He had the power to charm or frighten rudimentary souls into an aggravated witch-dance in his honor, he could also fill the small souls of the pilgrims with bitter misgivings—he had one devoted friend at least and he had conquered one soul in the world that was neither rudimentary nor tainted with self-seeking.
12

The alleged tendency of Africans to offer worship to any European who comes along is another favorite theme in European writing about Africa. Variations on it include the veneration
by Africans of an empty Coca-Cola bottle that falls out of an airplane. Even children’s stories are not free of this insult, as I once learned from foolishly buying an expensive, colorful book for my little girl without first checking it out.

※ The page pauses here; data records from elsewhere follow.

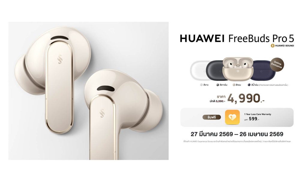 HUAWEI FreeBuds Pro 5 วางจำหน่ายในสีขาว สีเทาเข้ม สีทอง และสีน้ำเงิน (สีน้ำเงินจำหน่ายเฉพาะช่องทางออนไลน์) พิเศษเมื่อสั่งซื้อระหว่างวันที่27 มีนาคม 2569 – 26 เมษายน 2569ราคาเพียง4,990 บาท (จากราคาปกติ 5,990 บาท) พร้อมรับฟรี!1 Year Loss Care Warranty มูลค่า 599 บาท สามารถสั่งซื้อได้ที่หน้าร้าน HUAWEI Experience Store ร้านค้าตัวแทนจำหน่ายที่ร่วมรายการ และช่องทางออนไลน์ HUAWEI Store, Lazada, Shopee และ TikTok Shop
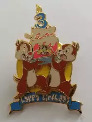 3rd Anniversary Chip and Dale holding cake is a Limited Edition (LE) 700 pin from the Pin Trading pin series. It was originally released on , 2004 and was available from Disneyland Resort Paris .
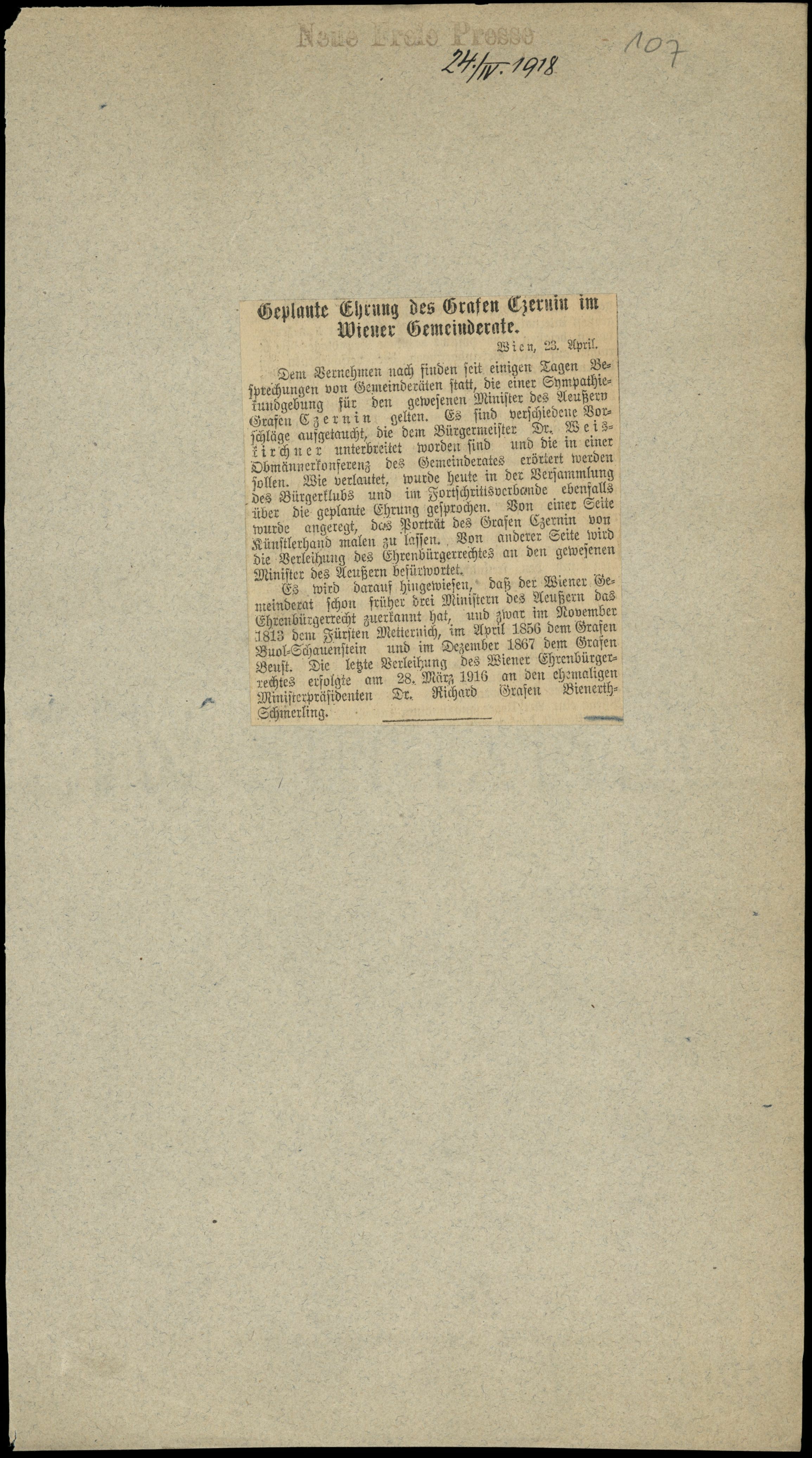 Geplante Ehrung des Grafen Czernin im Wiener Gemeinderate.
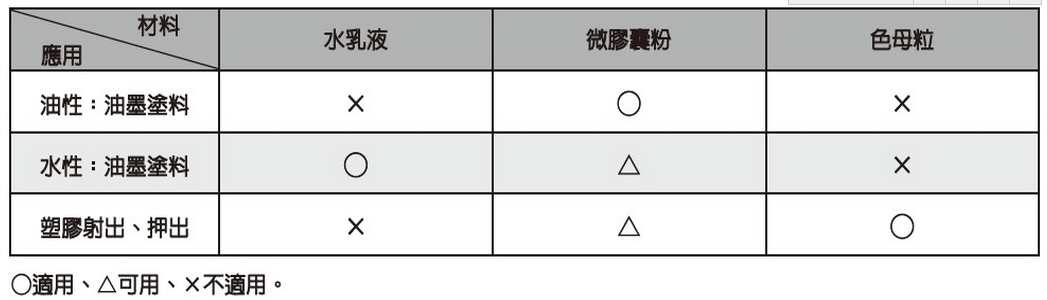 油墨应用时避免高极性溶剂使用如: 甲醇、乙醇、丙酮、丁酮) ,以避免渗透作用影响微胶囊中的组成。
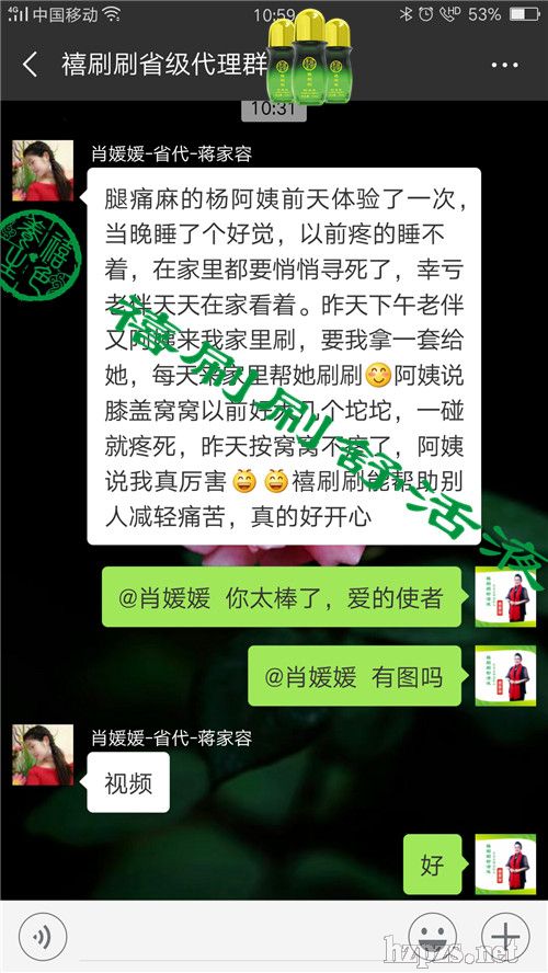 媛媛說(shuō):腿痛麻的楊阿姨前天體驗(yàn)了一次禧刷刷舒活液,當(dāng)晚睡了個(gè)好覺,以前疼的睡不著,在家里都要悄悄尋死了,幸虧老伴天天在家看著。昨天下午老伴又帶阿姨來(lái)我家里刷,還要我拿一套給她,每天來(lái)家里幫她刷刷,阿姨說(shuō)膝蓋窩窩以前好大幾個(gè)坨坨,一碰就疼死,昨天按窩窩不疼了,阿姨說(shuō)我真厲害禧刷刷能幫助別人減輕痛苦,真的好開心!
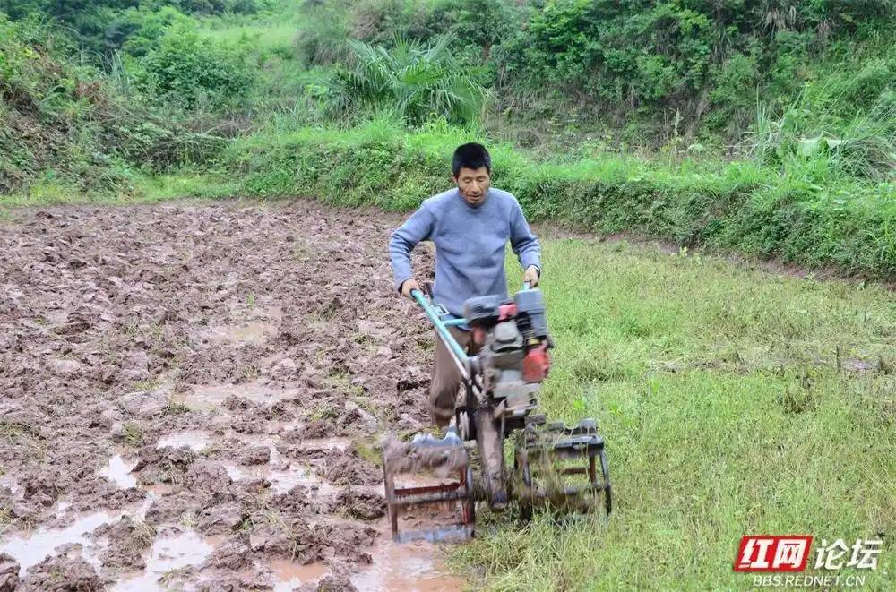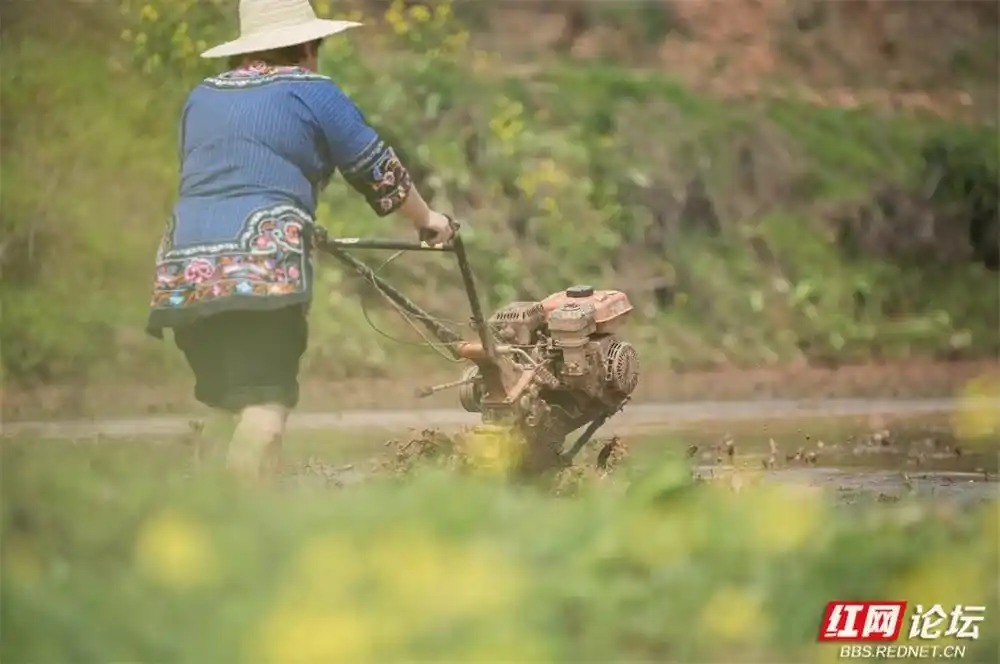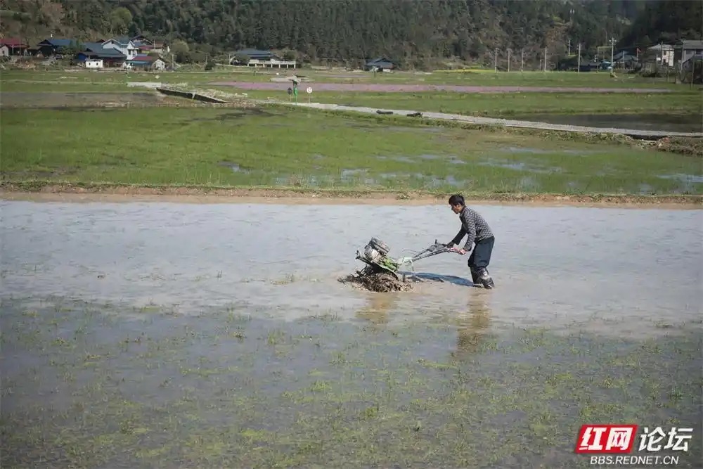 这边,伴跟着轻快的机械声,村民正娴熟地操作着“铁牛”,即微耕机,银色的犁刀速即地翻起整王人的泥浪。
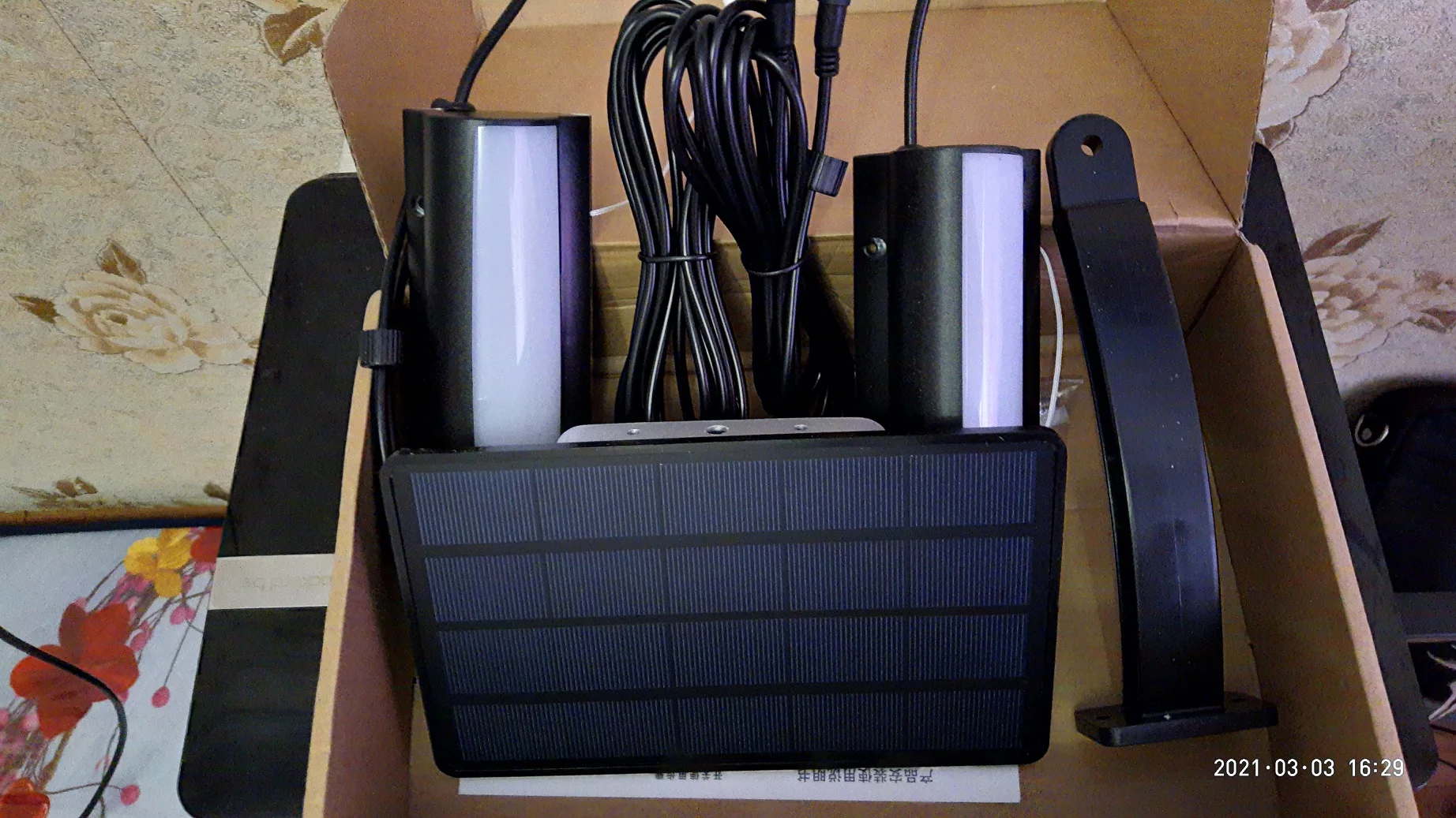 Посылка шла до 65 региона более 100 дней. Дошла в хорошем состоянии, даже коробка не помялась. Все работает. Светильник сделан качественно. Плохо, что не предусмотрена возможность зарядка от источника питания. Еще один минус - невозможность включить лампу днем пока не затемнишь солнечную батарею.
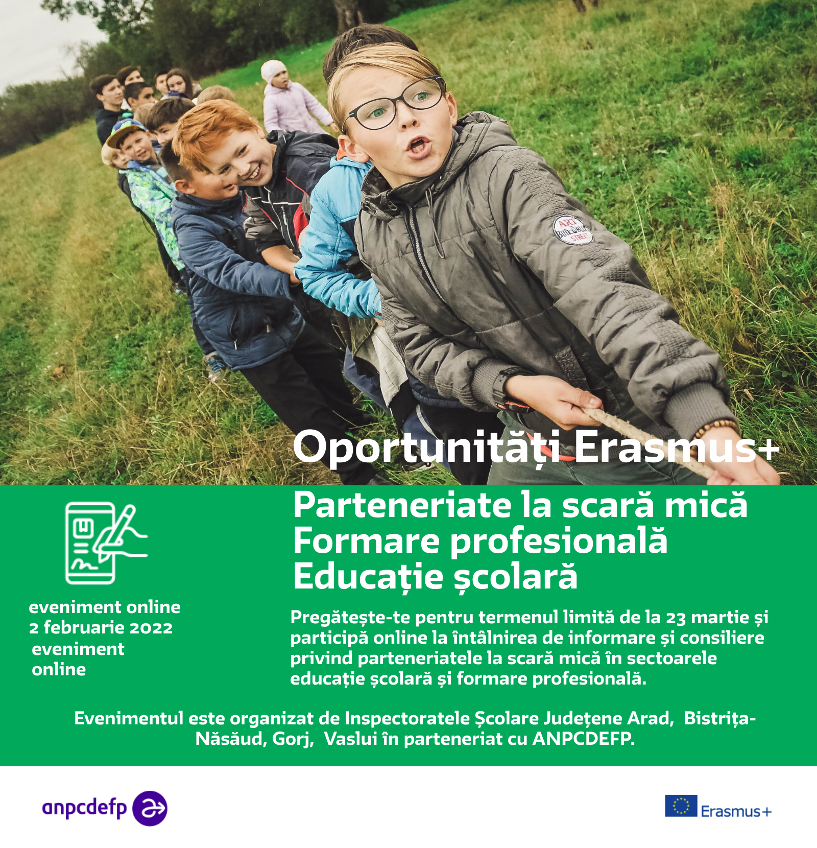 Vă invităm la Sesiunea online de informare oportunități Erasmus+ Acțiunea cheie 2, Parteneriate la scară mică/de mică anvergură.
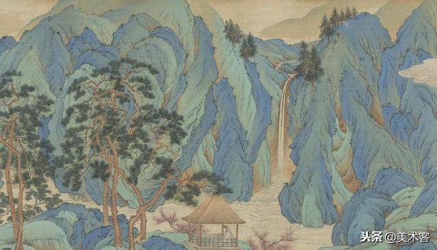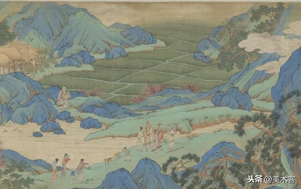 隋朝画家展子虔的《游春图》为我国最早的山水画之一。纵观此图,描绘了江南春季青山叠翠,桃杏争艳,金丝垂柳,人物骑马乘船踏春的场景。主要是以青绿设色,虽然看上去笔墨技法稍显稚嫩,但好在卷线条劲健,山石勾勒出形无皴法,春意盎然,“被视为青绿山水画的嚆矢。”
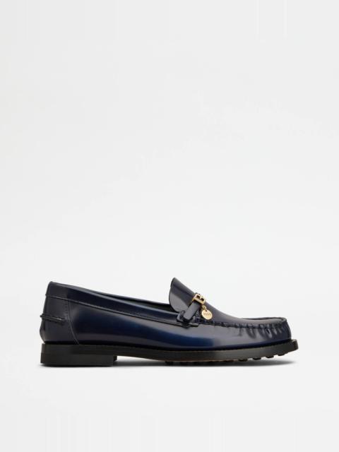 Loafers crafted in brushed calfskin leather, featuring a strap with mini tongue buckle and stamped Tod's logo pendant. Characterized by a slightly gathered toe, they are finished with handmade stitching and leather outsole with rubber injection. - Made in Italy - Women's loafers - Calfskin leather upper - Strap with buckle and pendant - Leather insole - Leather outsole with rubber injection - Maintenance and care cards included - Branded dustbag
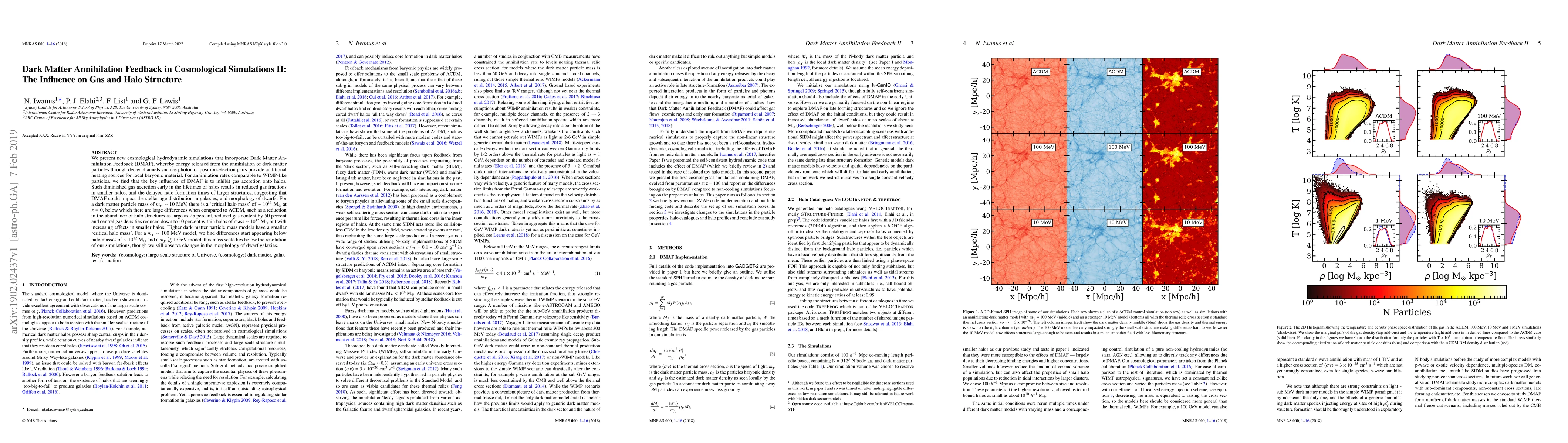 This paper investigates the impact of Dark Matter Annihilation Feedback (DMAF) on gas and halo structure in cosmological simulations. It finds that DMAF inhibits gas accretion onto halos, leading to reduced gas fractions in smaller halos and delayed formation times of larger structures, which could affect stellar age distribution and galaxy morphology.
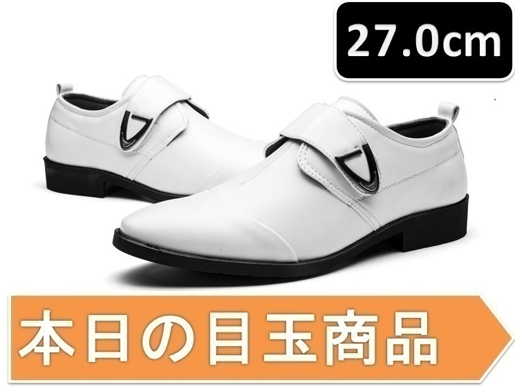 本日の目玉 ☆ メンズ ビジネス レザー シューズ ホワイト サイズ 27.0cm 革靴 靴 カジュアル 屈曲性 通勤 軽量 【207】

The aggravated witch-dance for a mad white man by hordes of African natives may accord with the needs and desires of the fabulists of the Africa that never was, but the experience of Congo was different. Far from falling over themselves to worship their invaders, the people of this region of Africa have a long history of resistance to European control. In 1687, an exasperated Italian priest, Father Cavazzi, complained:

These nations think themselves the foremost men in the world. They imagine that Africa is not only the greatest part of the world, but also the happiest and most agreeable… [Their king] is persuaded that there is no other monarch in the world who is his equal.
13

Between Father Cavazzi’s words and Joseph Conrad’s images of gyrating and babbling savages there was indeed a hiatus of two harsh centuries. But that would not explain the difference.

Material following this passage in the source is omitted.